# Aim of the task
Under this line are the records; repeat exactly the lines starting at the one containing "This set is" and ending at the one containing "調査では、「部活や習い事と教", omitting pictures.

# Records supplied
● ● ● ●

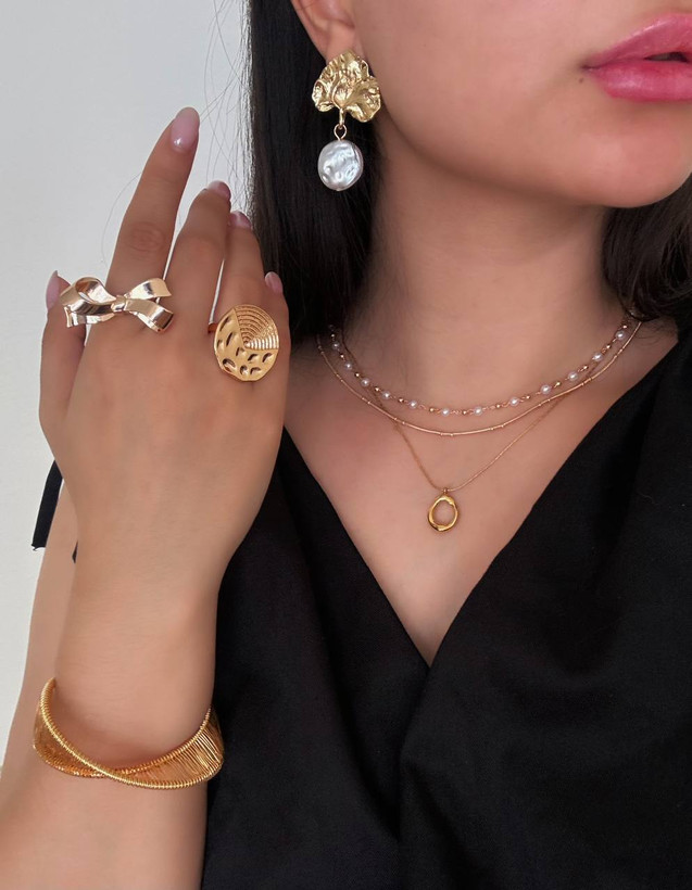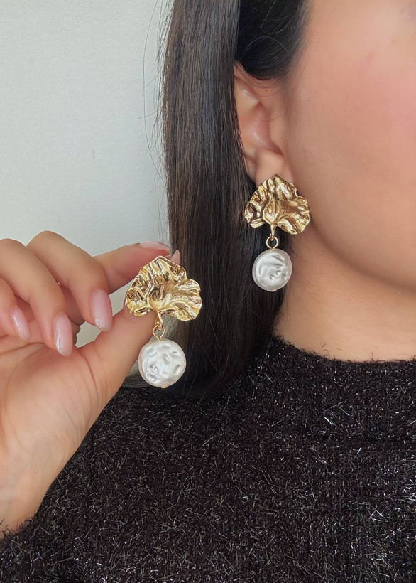 گوشواره زنانه چروک دفرمه تک مروارید مینیمال دخترانه
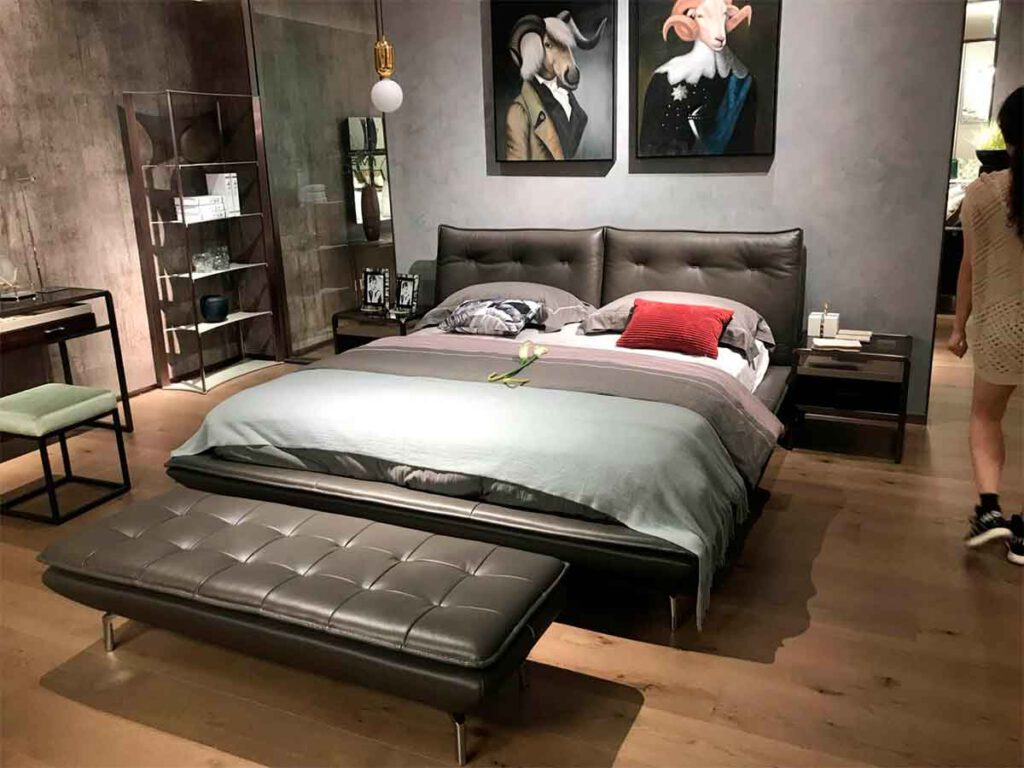 מיטה זוגית מדגם פאקו בעלת עיצוב אולטרה מודרני וכוללת כרית פינוק לאורך כל המסגרת ושילוב של רגלי ניקל חדשניות.
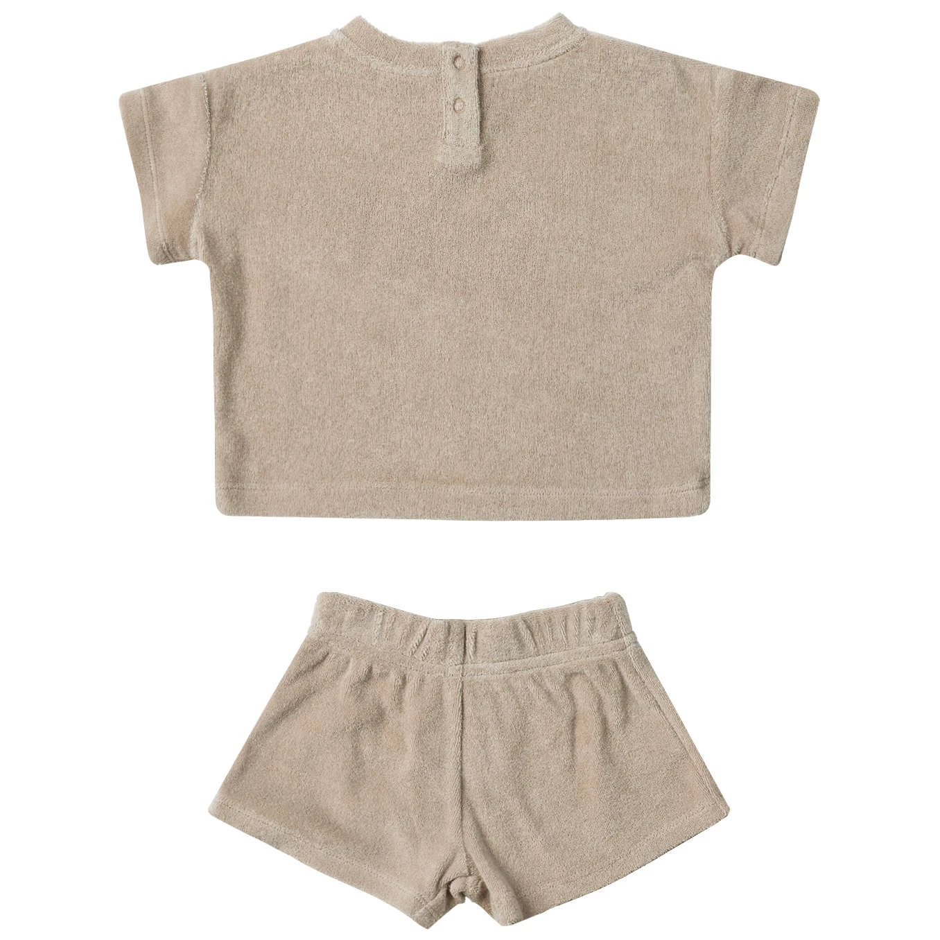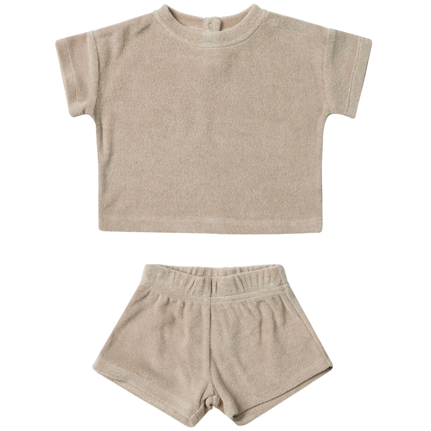 This set is an easy go-to for your little one this summer! It includes a relaxed fit tee with a snap placket at the back neck, and shorts with an elastic waistband.
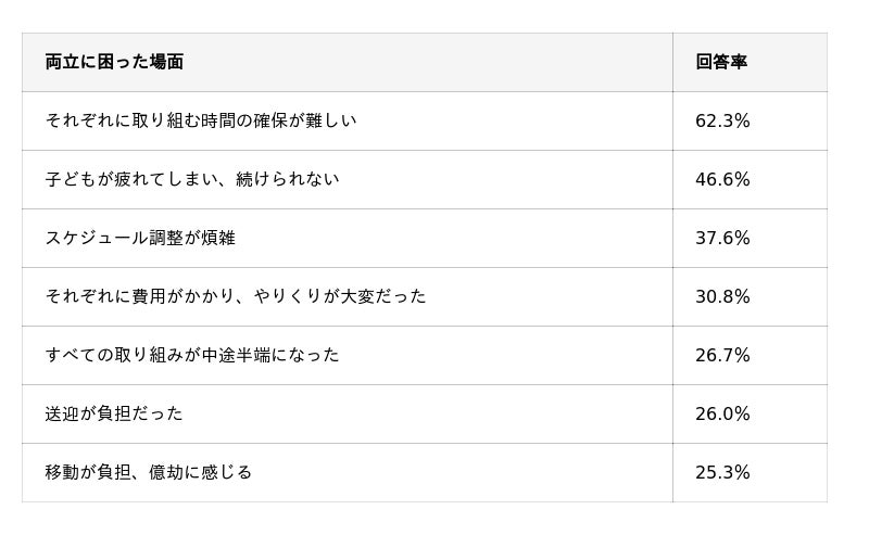 調査では、「部活や習い事と教育サービスの両立に悩んだ経験がある」と回答した保護者に、困った場面を具体的に尋ねました。主な回答項目と回答率は、以下のとおりです。
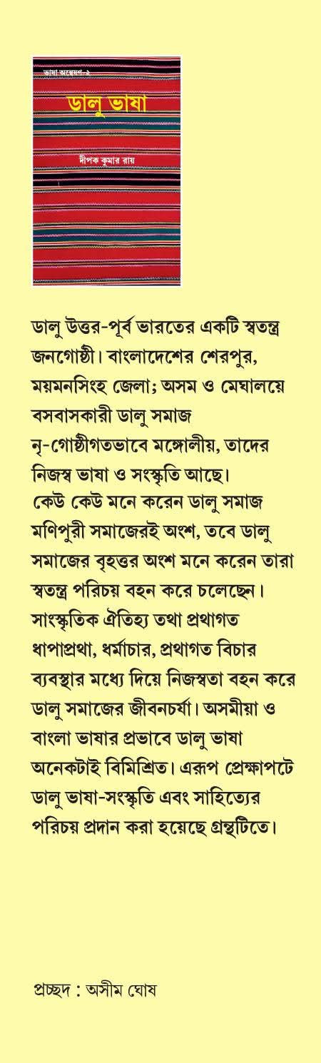 ডালু উত্তর-পূর্ব ভারতের একটি স্বতন্ত্র জনগোষ্ঠী। বাংলাদেশের শেরপুর, ময়মনসিংহ জেলা; অসম ও মেঘালয়ে বসবাসকারী ডালু সমাজ নৃ-গোষ্ঠীগতভাবে মঙ্গোলীয়, তাদের নিজস্ব ভাষা ও সংস্কৃতি আছে। কেউ কেউ মনে করেন ডালু সমাজ মণিপুরী সমাজেরই অংশ, তবে ডালু সমাজের বৃহত্তর অংশ মনে করেন তারা স্বতন্ত্র পরিচয় বহন করে চলেছেন। সাংস্কৃতিক ঐতিহ্য তথা প্রথাগত ধাপাপ্রথা, ধর্মাচার, প্রথাগত বিচার ব্যবস্থার মধ্যে দিয়ে নিজস্বতা বহন করে ডালু সমাজের জীবনচর্যা। অসমীয়া ও বাংলা ভাষার প্রভাবে ডালু ভাষা অনেকটাই বিমিশ্রিত। এরূপ প্রেক্ষাপটে ডালু ভাষা-সংস্কৃতি এবং সাহিত্যের পরিচয় প্রদান করা হয়েছে গ্রন্থটিতে।

● ● ● ●

# Answer for this exercise
 This set is an easy go-to for your little one this summer! It includes a relaxed fit tee with a snap placket at the back neck, and shorts with an elastic waistband.
 調査では、「部活や習い事と教育サービスの両立に悩んだ経験がある」と回答した保護者に、困った場面を具体的に尋ねました。主な回答項目と回答率は、以下のとおりです。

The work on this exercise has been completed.